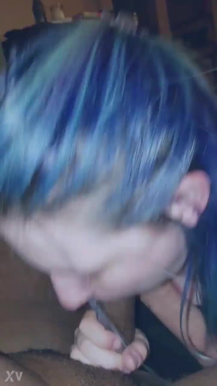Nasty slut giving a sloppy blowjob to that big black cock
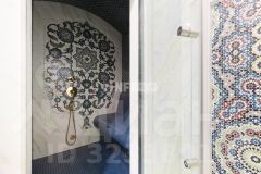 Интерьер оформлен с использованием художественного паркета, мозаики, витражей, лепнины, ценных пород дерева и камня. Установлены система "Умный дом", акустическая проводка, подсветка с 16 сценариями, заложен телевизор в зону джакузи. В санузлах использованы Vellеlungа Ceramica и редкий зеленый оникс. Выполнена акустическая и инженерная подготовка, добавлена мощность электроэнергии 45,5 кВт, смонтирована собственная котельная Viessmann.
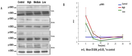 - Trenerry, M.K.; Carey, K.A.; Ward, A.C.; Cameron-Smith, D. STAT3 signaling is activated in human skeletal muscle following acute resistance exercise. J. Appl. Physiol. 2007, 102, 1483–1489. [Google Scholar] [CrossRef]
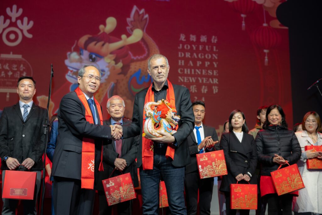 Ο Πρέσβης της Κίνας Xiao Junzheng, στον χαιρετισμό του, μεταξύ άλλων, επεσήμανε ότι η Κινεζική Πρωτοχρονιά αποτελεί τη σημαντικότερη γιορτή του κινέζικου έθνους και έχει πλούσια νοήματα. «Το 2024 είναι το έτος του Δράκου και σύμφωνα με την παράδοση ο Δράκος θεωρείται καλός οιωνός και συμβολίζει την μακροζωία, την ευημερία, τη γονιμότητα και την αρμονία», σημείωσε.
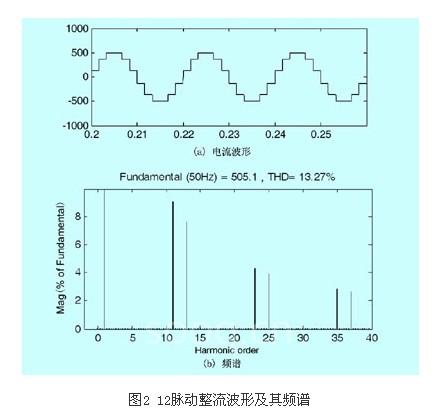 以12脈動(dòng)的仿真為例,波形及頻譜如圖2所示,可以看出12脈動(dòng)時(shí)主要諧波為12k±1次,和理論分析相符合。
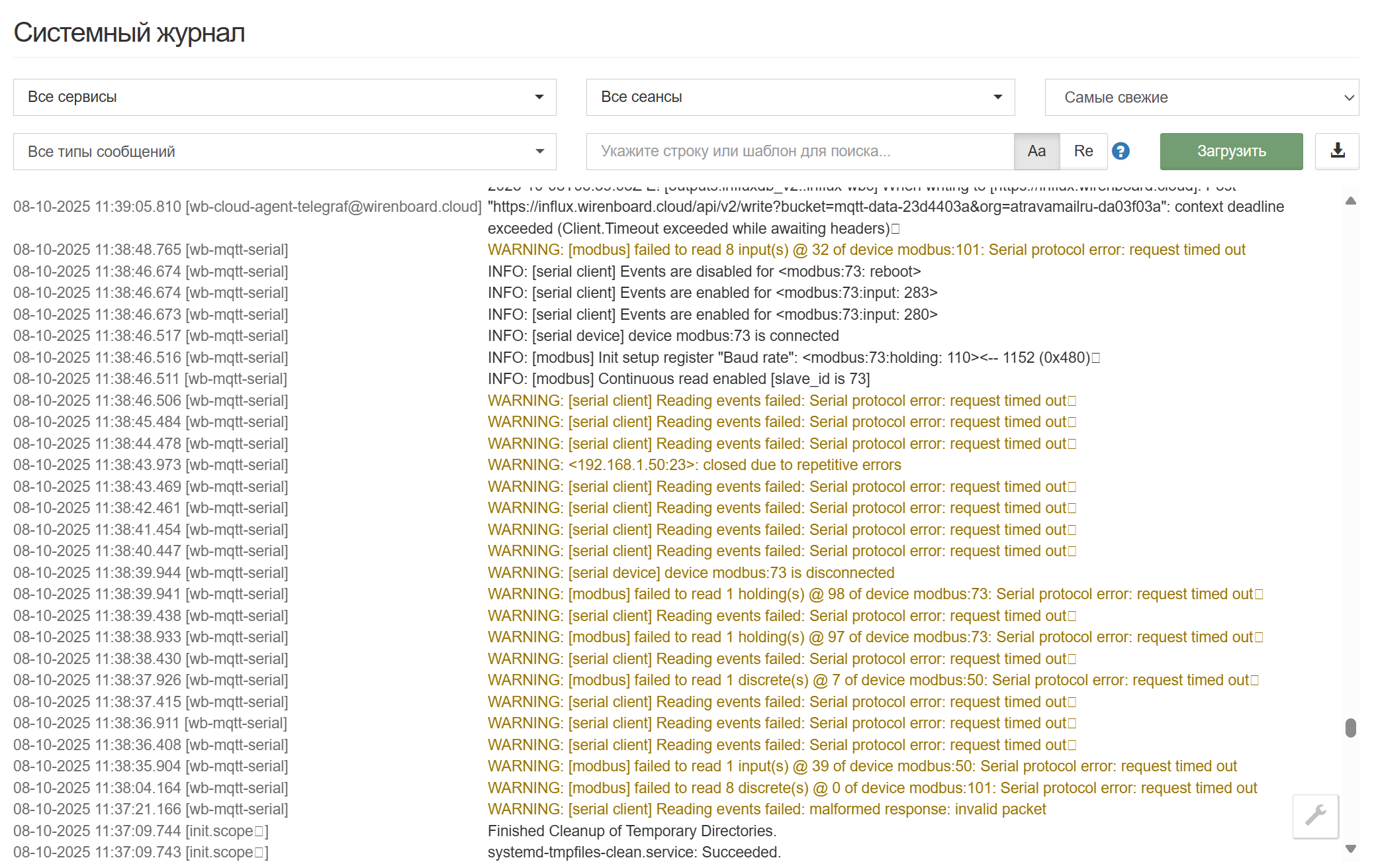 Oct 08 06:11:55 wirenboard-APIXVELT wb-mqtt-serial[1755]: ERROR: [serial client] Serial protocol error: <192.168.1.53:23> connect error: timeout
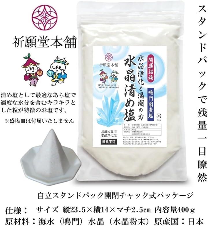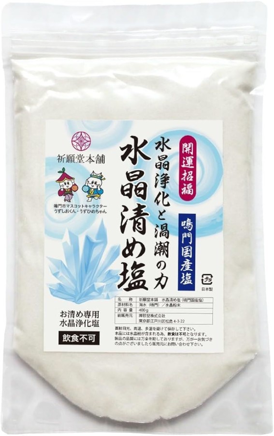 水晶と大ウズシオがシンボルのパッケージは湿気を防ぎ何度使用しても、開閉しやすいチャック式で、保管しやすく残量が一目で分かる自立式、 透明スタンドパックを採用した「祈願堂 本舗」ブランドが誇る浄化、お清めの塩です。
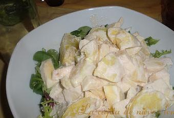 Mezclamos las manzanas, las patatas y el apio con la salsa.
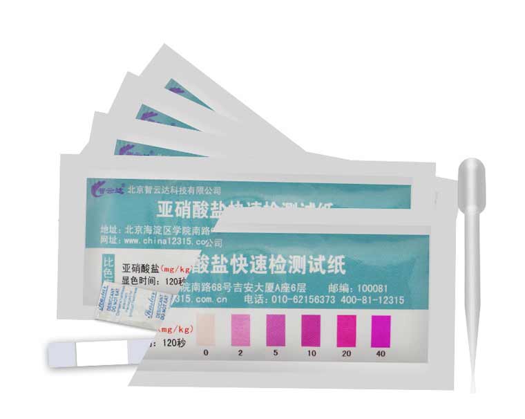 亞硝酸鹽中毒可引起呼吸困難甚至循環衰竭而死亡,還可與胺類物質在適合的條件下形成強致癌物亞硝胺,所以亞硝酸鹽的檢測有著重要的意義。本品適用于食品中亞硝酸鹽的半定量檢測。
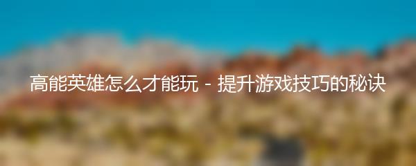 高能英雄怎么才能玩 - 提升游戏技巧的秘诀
---
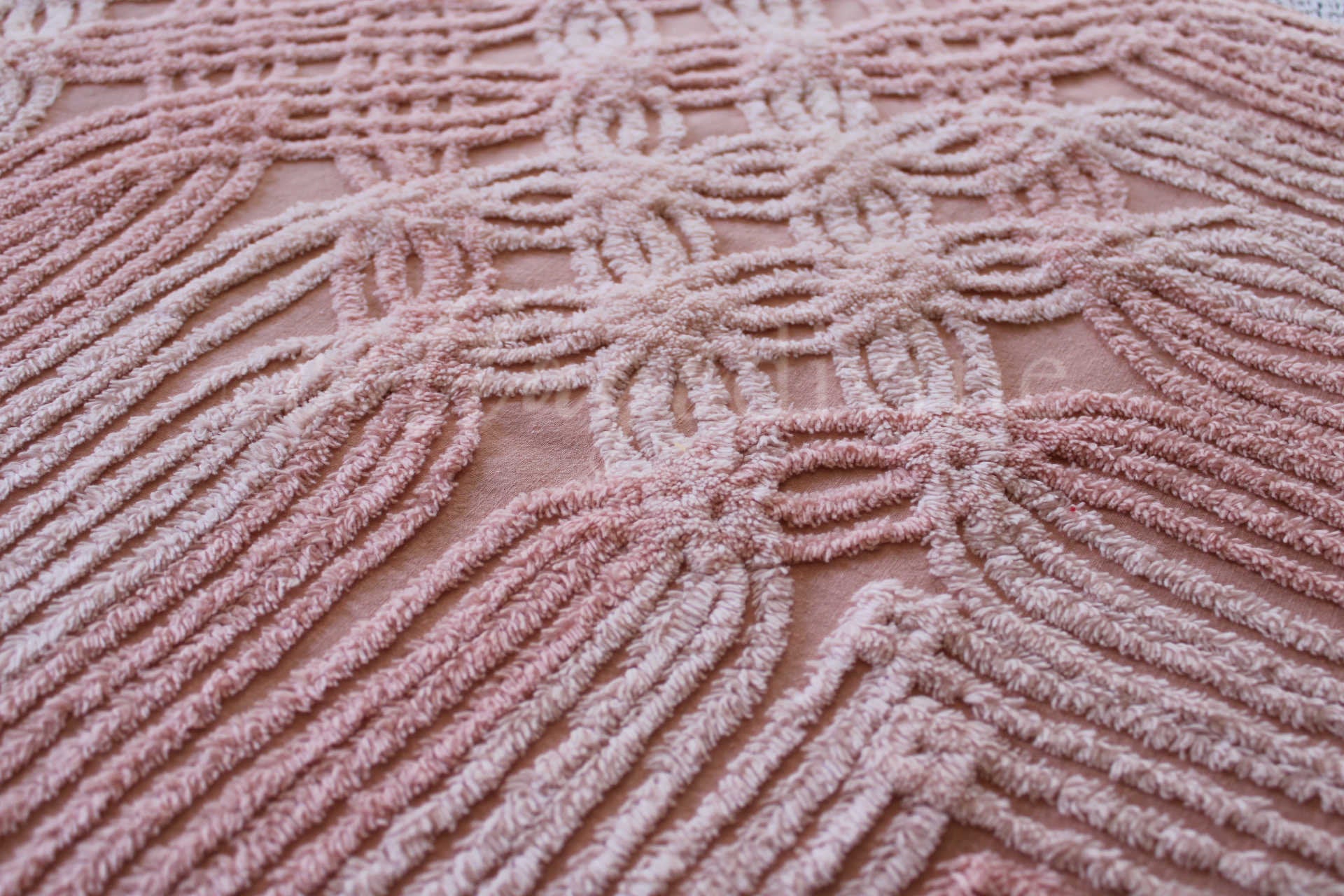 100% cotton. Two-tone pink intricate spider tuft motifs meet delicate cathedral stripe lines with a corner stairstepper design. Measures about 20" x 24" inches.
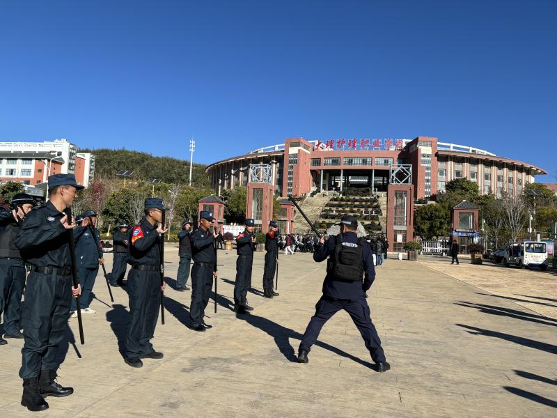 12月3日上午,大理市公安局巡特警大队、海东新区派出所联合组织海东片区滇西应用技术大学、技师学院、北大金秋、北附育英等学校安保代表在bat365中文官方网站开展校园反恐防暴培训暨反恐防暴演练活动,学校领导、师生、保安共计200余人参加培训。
==
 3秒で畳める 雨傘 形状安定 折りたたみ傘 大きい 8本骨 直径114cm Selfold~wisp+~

- **REQUIRED ACTION**
Copy back exactly the lines above from the one containing "Nasty slut giving" through the one containing "- Trenerry, M.K.;", and leave every picture behind.

- **EXERCISE OUTPUT**
Nasty slut giving a sloppy blowjob to that big black cock
 Интерьер оформлен с использованием художественного паркета, мозаики, витражей, лепнины, ценных пород дерева и камня. Установлены система "Умный дом", акустическая проводка, подсветка с 16 сценариями, заложен телевизор в зону джакузи. В санузлах использованы Vellеlungа Ceramica и редкий зеленый оникс. Выполнена акустическая и инженерная подготовка, добавлена мощность электроэнергии 45,5 кВт, смонтирована собственная котельная Viessmann.
 - Trenerry, M.K.; Carey, K.A.; Ward, A.C.; Cameron-Smith, D. STAT3 signaling is activated in human skeletal muscle following acute resistance exercise. J. Appl. Physiol. 2007, 102, 1483–1489. [Google Scholar] [CrossRef]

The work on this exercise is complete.